Complete service outage: In severe cases, the application may become completely unresponsive, effectively causing a denial of service to all users.
Partial Denial of Service: Some parts of the application may become unusable while other parts remain functional, leading to partial service disruption.
Cascading failures: If the affected application is part of a larger system or microservices architecture, the unavailability of one service can cause failures or degraded performance in other dependent services.
Load balancers and proxy servers: Increased load on the application can affect load balancers and proxy servers, potentially causing issues in routing traffic properly.
Delayed responses: Users may experience delays in response times, leading to frustration and poor user experience.
Failed transactions: Critical transactions might fail to be completed, affecting business operations and potentially leading to financial losses.
Customer trust: Prolonged or repeated downtime can erode customer trust and lead to a loss of users or customers.
Brand image: Frequent service disruptions can harm the brand’s reputation, making it harder to attract and retain users.
Increased operational overhead: Mitigating the attack and restoring service can require significant effort from the development and operations teams.
Infrastructure costs: Higher resource consumption can lead to increased costs for cloud services or on-premises infrastructure.
Exploitation by attackers: Attackers can use ReDoS as a vector for further attacks, exploiting the application’s unavailability to bypass security measures or perform other malicious activities.

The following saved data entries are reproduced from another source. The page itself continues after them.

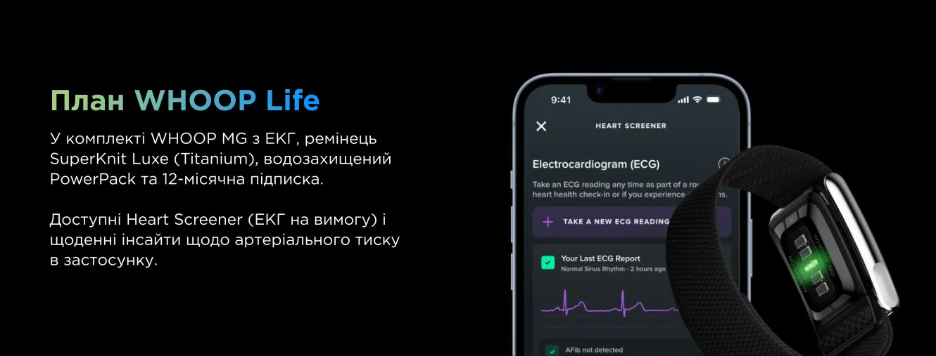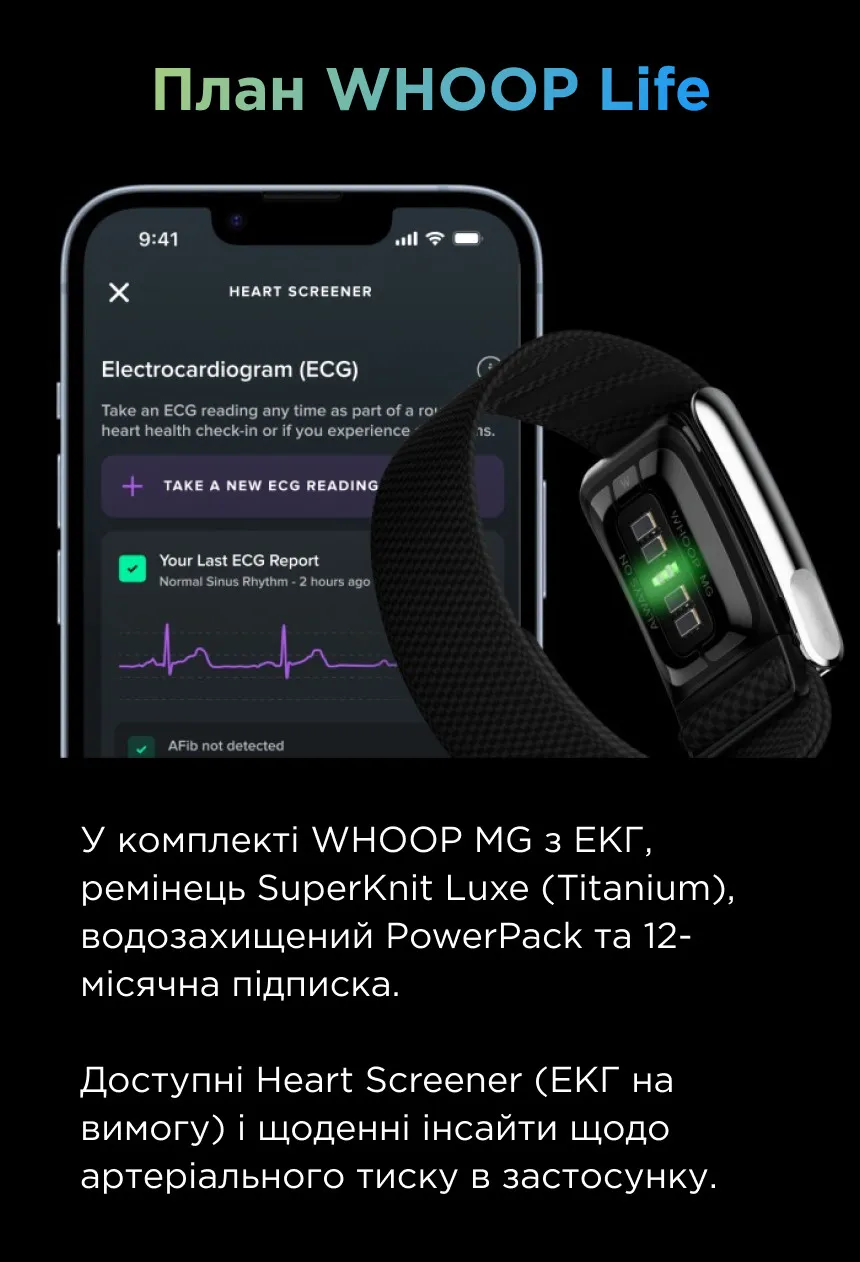 Браслет WHOOP в версии MG с подпиской Life предлагает функции медицинского уровня, выходящие за рамки классического фитнес-трекера.
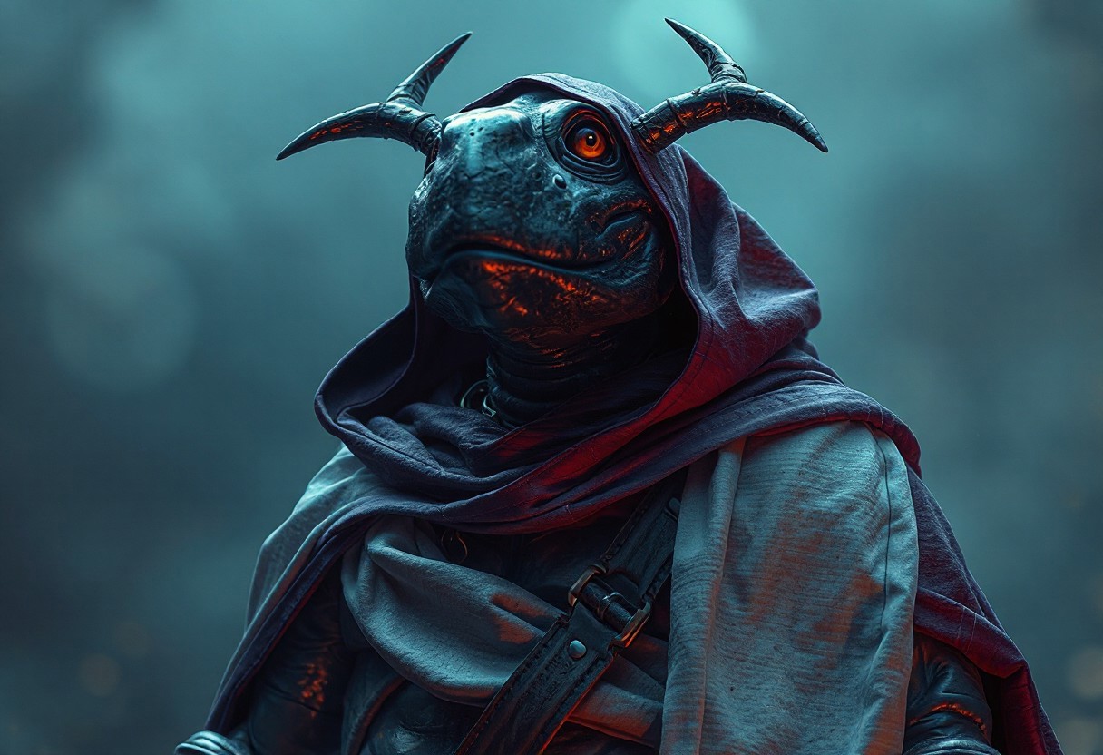"Create a high-quality, detailed portrait of an Infernity Archfiend turtle warrior on a Dark Factory of Mass Production, incorporating elements of MF Doom's blue chrome hippo-like body and a purple and white cloak. The warrior should have cryptoblades and no eyes, and be dressed in a cloak. Aim for a cinematic, ultra-high-detail model with a 8k scan, using techniques such as the golden ratio and rule of thirds. Draw inspiration from artists such as Artgerm, WLOP, and Metatron, and reference styles such as cell shading and apocalypse art."
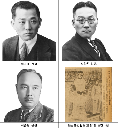 세 명의 선생은 1936년 베를린 올림픽 마라톤에서 우승한 손기정 선수의 가슴 일장기를 지우고 보도한 ‘일장기 말소사건’의 실행자와 언론사 책임자들로 암울한 시기에 민족정신을 새롭게 일깨운 역할을 했다.
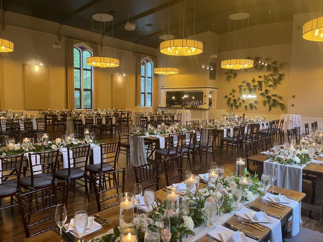 Steeple Hall offers a one-of-a-kind, timeless space to host your friends and family. Experience a truly classic, unforgettable New England wedding that will leave your guests feeling nostalgic and romanticized. Marvel in the beauty of the cathedral ceilings, become enamored by the stained glass details, and dance the night away underneath the ball room lights.
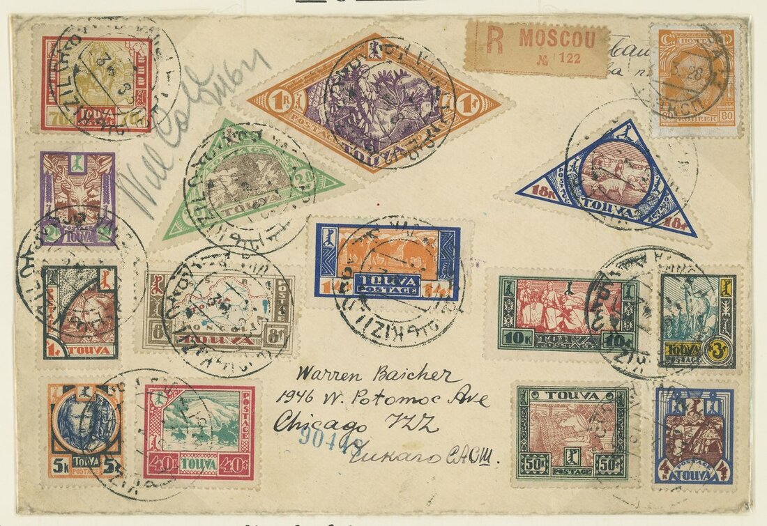 1927 (28 Nov.) envelope registered from Kizil to Chicago via Moscow bearing 1k. to 1r. set of fourteen cancelled by despatch c.d.s. in Moscow additionally franked with 80k. workers type stamp cancelled by Moscow (10.3) c.d.s. and with "Moscou" registered label applied. The reverse with transit New York (4.4) and arrival (6.4) c.d.s. A great rarity believed to be unique such combination)
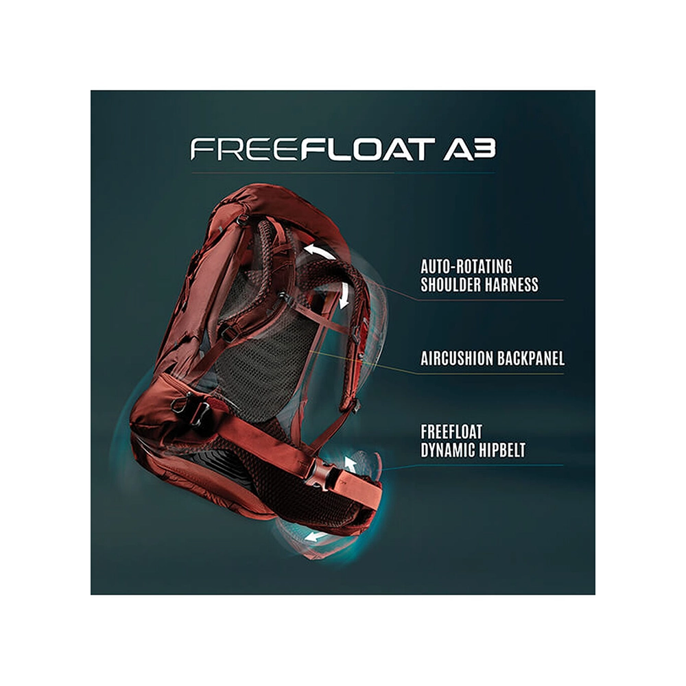 Największą zaletą tego modelu jest jego system nośny FreeFloat A3. Konstrukcja oparta jest na ramie oraz perforowanej piance opiętej siatką. Rozwiązanie to gwarantuje dobre dopasowanie plecaka do pleców na całej długości przy zachowaniu odpowiedniego stopnia odprowadzania wilgoci. Dodatkowo system ten oferuje możliwość regulacji wysokości położenia pasów nośnych względem pasa biodrowego. Odbywa się to za pomocą przepinania panelu wyposażonego w wytrzymały rzep. Rozwiązanie to pozwala doskonale dopasować plecak do wzrostu i budowy użytkownika. Wykonany został z bardzo lekkich a zarazem wytrzymałych materiałów 210D High Density 40% Recycled Nylon With Pfc-free Dwr & 420D High Density 45% Recycled Nylon With Pfc-free Dwr oraz 630D High Density Nylon with PFC-Free DWR. Od frontu znajduje się elastyczna kieszeń wykonana z siatki. Po obu stronach znajdują się kieszonki jedna wykonana z siatki a druga z materiału dedykowana jest ona do transportu butelki z wodą. Plecak posiada komorę główną z przegrodą na bukłak lub mokrą odzież (bukłak nie wchodzi w skład zestawu). Komora główna zamykana jest klapą, znajdują się w niej 3 kieszenie zapinane na suwak (dwie zewnętrzne i wewnętrzna). Dodatkowo w wewnętrznej kieszeni ukryty jest pokrowiec przeciwdeszczowy. Dostęp do komory głównej możliwy jest od góry po odpięciu klapy, od frontu za pośrednictwem suwaka w kształcie litery "U" oraz od spodu. Komora główna ma możliwość jej przedzielenia kawałkiem materiału z zaczepami. Od frontu po bokach frontowej kieszeni z siatki znajdują się dwie duże kieszenie zapinane na suwak. Szelki są wentylowane i pokryte perforowanym materiałem. Na szelkach dodatkowo znajdują się paski do montażu rurki od bukłaka lub do troczenia dodatkowego sprzętu oraz specjalnie zaprojektowany uchwyt na okulary. Plecak posiada płynnie regulowany pas piersiowy z wbudowanym gwizdkiem oraz pas biodrowy zintegrowany z konstrukcją systemy nośnego. Zapewnia to doskonałe dopasowanie do bioder oraz odpowiednie przenoszenie obciążeń. Dla poprawy komfortu użytkowania pas biodrowy posiada regulację długości części wyściełanej materiałem. Odbywa się to poprzez odpięcie ukrytych rzepów i wysunięcie lub schowanie ruchomego elementu pasa. Na pasie biodrowym znajdują się dwie kieszonki zapinane na suwak. Boczne troki kompresyjne pozwalają na zmniejszenie pojemności plecaka lub lepszą stabilizację przewożonego ładunku. Dodatkowo model ten umożliwia mocowanie kijów trekkingowych i czekana oraz wyposażony jest w wygodny uchwyt do przenoszenia. Na klapie znajdują się pętle do troczenia dodatkowego ekwipunku a przy dnie dwa troki pozwalające przymocować np. karimatę.

Potential data breaches: While ReDoS itself does not typically lead to data breaches; the disruption it causes can create opportunities for attackers to exploit other vulnerabilities.

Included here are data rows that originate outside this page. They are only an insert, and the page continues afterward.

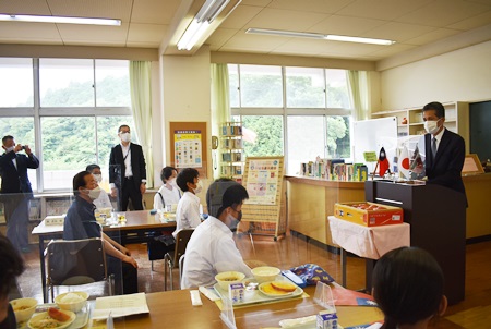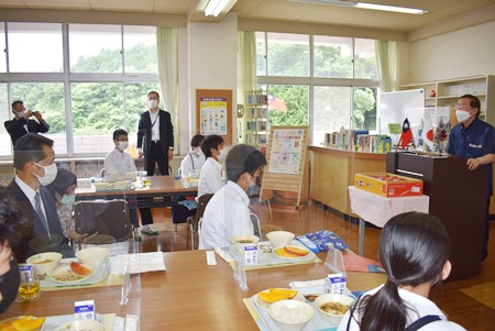 この日は、同校など笠間市の公立中学校全6校の学校給食に2,500人分の台湾産マンゴーが初めて提供されることから、山口伸樹・笠間市長をはじめ、同市の教育関係者らも出席し、交流給食会が開かれた。山口市長は、「謝・駐日代表が稲田中学校を訪問した機会に、台湾について、さらには日本と台湾の歴史的な関係もしっかりと学んでほしい」とあいさつした。台日双方の関係者は、生徒たちが学校給食で台湾のフルーツを食べることをきっかけに、台湾への関心や理解がより一層深まるよう期待を寄せている。
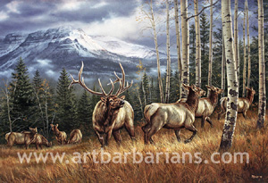 This South Dakota artist has been developing her natural talents and sharpening her skills since she was a young girl. Through her formal education and work as a commercial artist, Millette has learned to approach her work with vivacity and employ rigorous self-discipline. Whether painting elk, pheasants or chickadees, her mastery of skills is apparent. By carefully studying her subject matter, Millette realistically portrays each animal's physical structure and tone. Yet, her paintings offer the viewer more than a photo-realistic representation. The use of light and color, the composition, and the perspective of each complementing background reveal and reinforce the quintessential qualities of the animal.
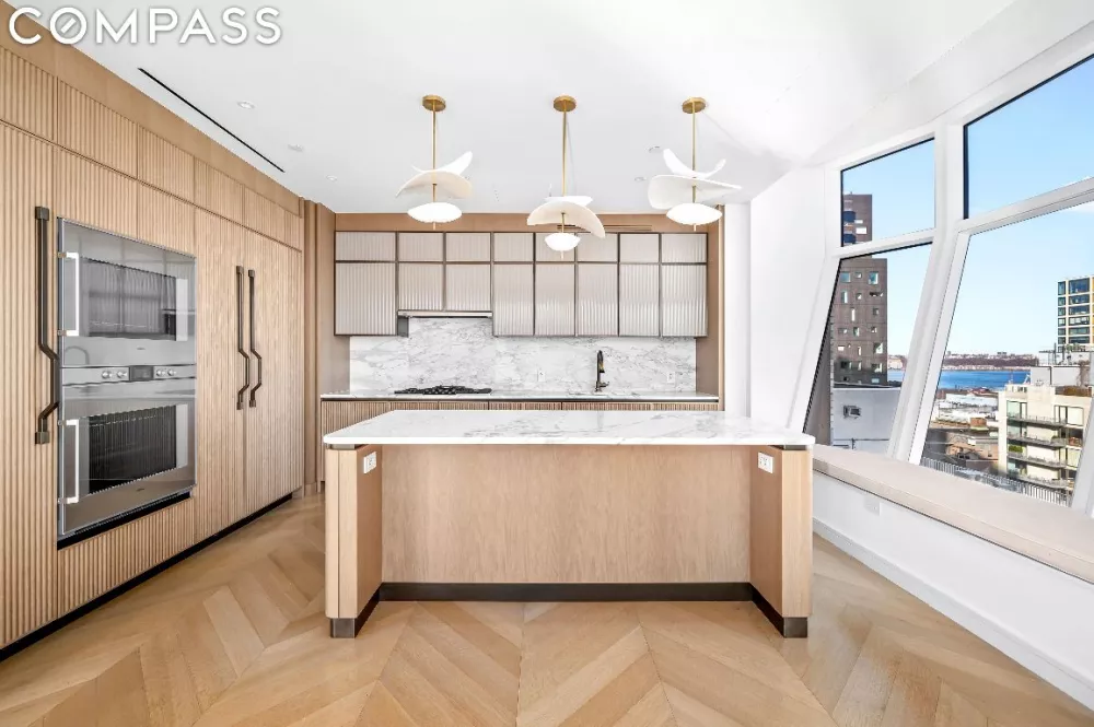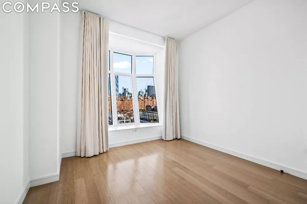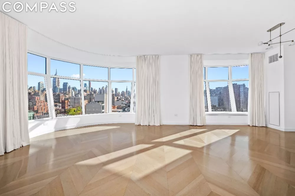 This expansive three-bedroom, 3.5-bathroom home enjoys breathtaking north and east exposures that showcase sweeping views of Manhattan’s iconic skyline. Enter through a gracious foyer that seamlessly opens into an oversized living and dining room, offering an inviting space for relaxation and entertainment.

Mitigating Regular Expression Denial of Service (ReDoS) attacks involves several strategies aimed at optimizing regex patterns, controlling input, and implementing safeguards to limit resource consumption. Here are effective measures to mitigate ReDoS attacks:
Avoid vulnerable patterns
Nested quantifiers: Avoid patterns with nested quantifiers that can lead to excessive backtracking, such as (a+)+ or (a | aa)*. |
Backreferences: Be cautious with backreferences, which can also lead to performance issues.

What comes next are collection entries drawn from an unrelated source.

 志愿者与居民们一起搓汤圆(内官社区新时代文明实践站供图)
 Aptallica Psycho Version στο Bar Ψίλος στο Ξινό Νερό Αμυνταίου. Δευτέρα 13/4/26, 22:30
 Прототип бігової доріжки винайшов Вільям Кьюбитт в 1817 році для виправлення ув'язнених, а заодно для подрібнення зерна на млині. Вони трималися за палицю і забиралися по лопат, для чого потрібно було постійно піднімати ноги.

Precompile and Cache Regex
Precompiling: Precompile regex patterns where possible to improve performance.
Limit input length
Max length: Restrict the length of input strings processed by regex to a reasonable size.
Sanitize input: Ensure input is sanitized to remove or escape potentially malicious content.
Timeouts
Regex timeouts: Implement timeouts for regex operations to abort if they take too long.
Overall timeouts: Use overall request timeouts to ensure the application doesn’t get stuck on a single request.
Safe Regex libraries
RE2: Consider using regex libraries like Google’s RE2, which are designed to handle regex safely without causing excessive backtracking.
Monitor resource usage
CPU and memory monitoring: Monitor CPU and memory usage to detect unusual spikes that may indicate a ReDoS attack.
Logs and metrics: Analyze logs and metrics for patterns that suggest prolonged regex operations.
ReDoS testing: Include ReDoS scenarios in your penetration testing to ensure your application can handle malicious regex inputs.